→ Supplied information
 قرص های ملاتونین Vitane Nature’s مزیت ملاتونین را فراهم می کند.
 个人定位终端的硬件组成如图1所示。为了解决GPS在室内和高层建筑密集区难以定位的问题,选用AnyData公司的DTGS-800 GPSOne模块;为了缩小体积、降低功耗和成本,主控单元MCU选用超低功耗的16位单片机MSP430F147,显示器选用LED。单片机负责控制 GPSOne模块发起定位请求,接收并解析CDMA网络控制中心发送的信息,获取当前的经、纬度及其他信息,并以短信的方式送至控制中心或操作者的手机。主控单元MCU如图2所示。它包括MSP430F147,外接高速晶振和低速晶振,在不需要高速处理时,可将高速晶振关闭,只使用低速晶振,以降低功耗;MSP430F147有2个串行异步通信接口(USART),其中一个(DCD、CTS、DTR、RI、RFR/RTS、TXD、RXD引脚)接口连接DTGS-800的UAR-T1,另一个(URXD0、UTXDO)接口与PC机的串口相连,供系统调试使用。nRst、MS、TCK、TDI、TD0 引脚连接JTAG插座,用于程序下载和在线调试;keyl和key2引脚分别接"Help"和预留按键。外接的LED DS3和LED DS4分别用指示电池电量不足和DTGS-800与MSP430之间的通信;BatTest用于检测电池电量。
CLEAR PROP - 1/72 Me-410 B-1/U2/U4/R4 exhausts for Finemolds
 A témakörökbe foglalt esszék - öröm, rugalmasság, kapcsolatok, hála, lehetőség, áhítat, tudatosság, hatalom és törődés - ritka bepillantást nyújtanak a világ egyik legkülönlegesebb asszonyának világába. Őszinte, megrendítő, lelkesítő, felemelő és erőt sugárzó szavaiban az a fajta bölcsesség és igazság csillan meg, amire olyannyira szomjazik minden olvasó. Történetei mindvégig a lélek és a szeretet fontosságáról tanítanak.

→ Work required
Return what is listed above, exactly and completely.

→ Answer
 قرص های ملاتونین Vitane Nature’s مزیت ملاتونین را فراهم می کند.
 个人定位终端的硬件组成如图1所示。为了解决GPS在室内和高层建筑密集区难以定位的问题,选用AnyData公司的DTGS-800 GPSOne模块;为了缩小体积、降低功耗和成本,主控单元MCU选用超低功耗的16位单片机MSP430F147,显示器选用LED。单片机负责控制 GPSOne模块发起定位请求,接收并解析CDMA网络控制中心发送的信息,获取当前的经、纬度及其他信息,并以短信的方式送至控制中心或操作者的手机。主控单元MCU如图2所示。它包括MSP430F147,外接高速晶振和低速晶振,在不需要高速处理时,可将高速晶振关闭,只使用低速晶振,以降低功耗;MSP430F147有2个串行异步通信接口(USART),其中一个(DCD、CTS、DTR、RI、RFR/RTS、TXD、RXD引脚)接口连接DTGS-800的UAR-T1,另一个(URXD0、UTXDO)接口与PC机的串口相连,供系统调试使用。nRst、MS、TCK、TDI、TD0 引脚连接JTAG插座,用于程序下载和在线调试;keyl和key2引脚分别接"Help"和预留按键。外接的LED DS3和LED DS4分别用指示电池电量不足和DTGS-800与MSP430之间的通信;BatTest用于检测电池电量。
CLEAR PROP - 1/72 Me-410 B-1/U2/U4/R4 exhausts for Finemolds
 A témakörökbe foglalt esszék - öröm, rugalmasság, kapcsolatok, hála, lehetőség, áhítat, tudatosság, hatalom és törődés - ritka bepillantást nyújtanak a világ egyik legkülönlegesebb asszonyának világába. Őszinte, megrendítő, lelkesítő, felemelő és erőt sugárzó szavaiban az a fajta bölcsesség és igazság csillan meg, amire olyannyira szomjazik minden olvasó. Történetei mindvégig a lélek és a szeretet fontosságáról tanítanak.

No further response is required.